For Oscar obsessives, it's no news that to win big at the Academy Awards can be a curse rather than a blessing. The reigning champions are more discussed and overtly scrutinized than the defeated, their triumph like sweet nectar, attracting the bees of discontentment, resentment, and retroactive bashing. The tides of time can also make an atypical choice seem like a perfunctory one. Notice how some of our strangest Oscar champions of recent vintage have gained the fame of being boring winners when they're anything but. You might not like The Shape of Water, for instance, but a love story between a mute woman and a fish-man is not your run of the mill Best Picture winner.
The same can be said about The Artist, a romantic tale with comedic overtones that, in 2012, became the first silent film to win the Oscars' top honor since 1928…
While it's true that Michel Hazanavicius' most famous work is slight, whimsical and deeply inconsequential, those aspects don't have to be necessarily seen as faults. First and foremost, this trifle of a picture is a technical achievement of the highest order, resurrecting the aesthetics of late 20s silent cinema with awe-inspiring precision. From the flashiest costumes to the minutia of blocking and composition, the use of music and the editing patterns of scenes, The Artist is pastiche done with near-archeological exactitude, taking Hazanavicius' customary exercises in cinematic homage to another level. You can find a similar ethos in his OSS 117 series, which tries to bring back the pleasures of 60s action Eurotrash to contemporary audiences.

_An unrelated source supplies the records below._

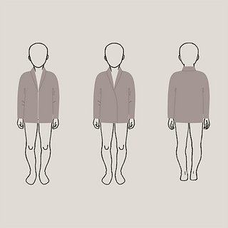 Shaped shawl collar. Straight body profile, with optional waist shaping. Sloped shoulders, tapered raglan sleeves, adjustable hem length, adjustable front edges that can meet at the centre or overlap.
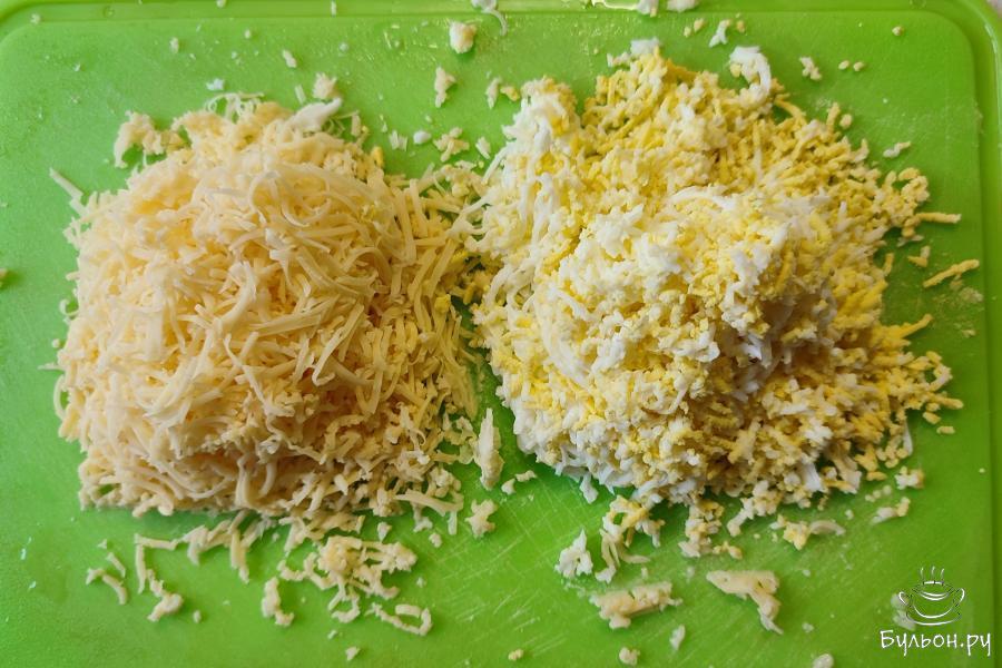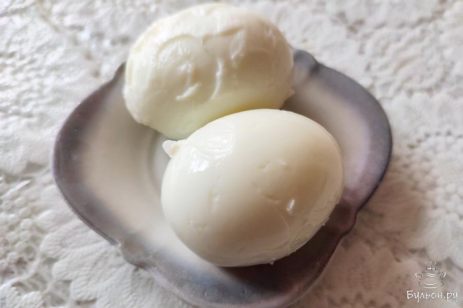 1. Сначала надо отварить яйца до готовности, в течении 10 минут после закипания воды. Остудить и почистить от скорлупы.
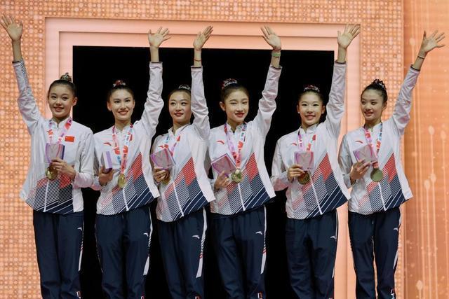 2023年8月27日,中国队选手在颁奖仪式上。当日,在西班牙巴伦西亚举行的2023世界艺术体操锦标赛集体5圈决赛中,由郭崎琪、郝婷、王澜静、蒲彦竹、丁欣怡组成的中国队以36.550分获得5圈单项金牌,这是中国艺术体操队首次获得世界冠军。新华社发(帕布罗·莫拉诺 摄)

Those are deeply indulgent movies that make no qualms about their purpose – to entertain and rhapsodize about the wonders of past cinema. Don't let yourself be fooled by the Oscar gold and Cannes prestige, The Artist follows the same filmmaking logic, though it does so with more brio. It's a movie with a shameless need to please, prioritizing cuteness above any sort of complex psychology. When the picture introduces darker elements to its plot, it's because doing so is part of its love letter to old movies and not because the team behind The Artist is intending on dissecting their protagonist's troubled soul. You can easily take this as damning with faint praise, but it isn't so. Bless The Artist and its joy.
Before continuing on this path, it's a good idea to summarize the plot. The Artist tells the story of George Valentin, a John Gilbert-esque movie star, and up and comer Peppy Miller, a wannabe starlet whose name is a good descriptor for her general attitude. As the advent of sound shakes the movie business to its core, Valentin sees himself losing fame and money, while Miller ascends to the upper echelons of stardom, their fates united in a dance of charming romance and self-destruction. In the end, it all goes well, though there are some brushes with death before we reach that conclusion. It's A Star is Born meets Singin' in the Rain, two of Hollywood's favorite stories about itself married in the form of silent melodrama.
It's not any sort of grand narrative opus with lots to say about the neurosis of creative types or Hollywood history, I admit. Neither is it a Guy Maddin-style exploration of the plastic possibilities of old media. Instead, The Artist is simple entertainment, made for and by cinephiles, that doesn't need or want to signal its importance. In parts, there's such a simplicity to the whole thing that you can't help but smile at the screen. Like when Uggie, the most adorable Jack Russel Terrier you ever did see, takes center stage. Moreover, the actors breathing life into Hazanavicius' movie-mad reveries are admirably adept at exploring complicated acting registers that have long gone out of style.
As Peppy, Berénice Bejo can sometimes err on the side of broadness, but Jean Dujardin is pitch-perfect as Valentin. He even finds his way of portraying the charming matinée idol of the beginning and the suicidal wreck of the movie's climax with tonal coherence and not one false note. The greatest sin of the whole thing is its loss of momentum as it goes along and comedy gives way to sentimentality. Its general playfulness tends to obfuscate such faults but they are there. However, that critique can be equally aimed at many a great popular success of silent-era Hollywood making this fault more of a feature all things considered.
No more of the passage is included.